How I became interested
A few weeks ago, I came across a website that documented a three-day meeting of a group of artists, designers and technologists. The purpose of this meeting was to reimagine how machine learning might be able to be used in authentication- but not using traditional methods like biometric data.
What they came up with was a bunch of quirky methods, one using collaboration as the key to unlock a message, while others used body movements and images to implement their own authentications.
As a somewhat newer programmer, I was hesistant to delve into machine learning yet, but I was curious about how I might go about implementing my own alternative method for authentication. What would that look like? How could I avoid using machine learning in doing so? What would the user inputs be? How could that be secured?
Enter Pixel Art
The first question I had after I decided to use pixel art as my method, is how can you translate the location of a pixel, it’s color, to something that can be saved, verified, and used to authenticate.
Well, convert it to a string of course.
Each pixel is an input that has a corresponding value. The value of the input is added onto an array that store the order of the input sequence and once the user is ready to sign up, the array is concatenated to create the password string.

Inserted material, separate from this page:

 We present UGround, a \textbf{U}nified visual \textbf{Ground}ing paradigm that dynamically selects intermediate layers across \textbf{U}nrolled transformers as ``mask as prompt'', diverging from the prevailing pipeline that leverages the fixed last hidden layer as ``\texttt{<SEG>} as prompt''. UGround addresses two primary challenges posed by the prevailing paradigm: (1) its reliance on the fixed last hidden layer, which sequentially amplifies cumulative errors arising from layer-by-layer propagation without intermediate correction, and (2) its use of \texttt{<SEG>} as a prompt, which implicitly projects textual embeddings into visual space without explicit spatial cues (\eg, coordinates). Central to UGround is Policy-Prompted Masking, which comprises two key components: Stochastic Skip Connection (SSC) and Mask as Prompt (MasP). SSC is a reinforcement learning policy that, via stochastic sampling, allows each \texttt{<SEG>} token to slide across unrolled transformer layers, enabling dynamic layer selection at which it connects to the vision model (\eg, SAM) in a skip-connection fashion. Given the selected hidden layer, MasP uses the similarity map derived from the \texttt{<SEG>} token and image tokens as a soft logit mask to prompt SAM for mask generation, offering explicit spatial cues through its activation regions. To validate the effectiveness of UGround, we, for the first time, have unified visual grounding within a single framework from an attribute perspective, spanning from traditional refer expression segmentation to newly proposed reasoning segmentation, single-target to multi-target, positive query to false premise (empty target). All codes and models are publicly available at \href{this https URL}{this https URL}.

And then some security things
The string is then hashed and salted using Bcrypt before being store in the database alongside the username.

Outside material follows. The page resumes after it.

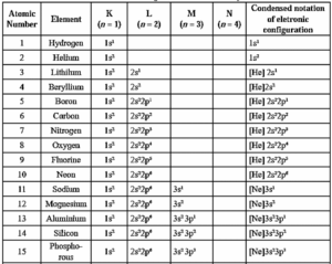 Electronic configuration of the first fifteen elements

As of now, the username is just a string of characters - still playing with other ideas for creating an alternative user indentifier - perhaps another input of pixel art?
When the user login, a similar process ensues. The user inputs their sequence of pixels and bcrypt does its magic to determine whether the that matches up with the stored (hashed + salted) password.
I’m not claiming this authentication method is the most airtight, secure thing ever to hit the tech world. But it has been an interesting way to examine whether we can approach authentication a little differently. After all, CAPTCHA, face recognition + two-factor were new once too!
Now what?
That’s a good question. I’m hoping to use the pixel art authentication method on some smaller projects in the future. Perhaps do a little more work on the security side.
I’m also curious to experiment with further alternatives to authentication - what other methods can I try? How else can we reimagine what a password is?
And what other things can we reimagine?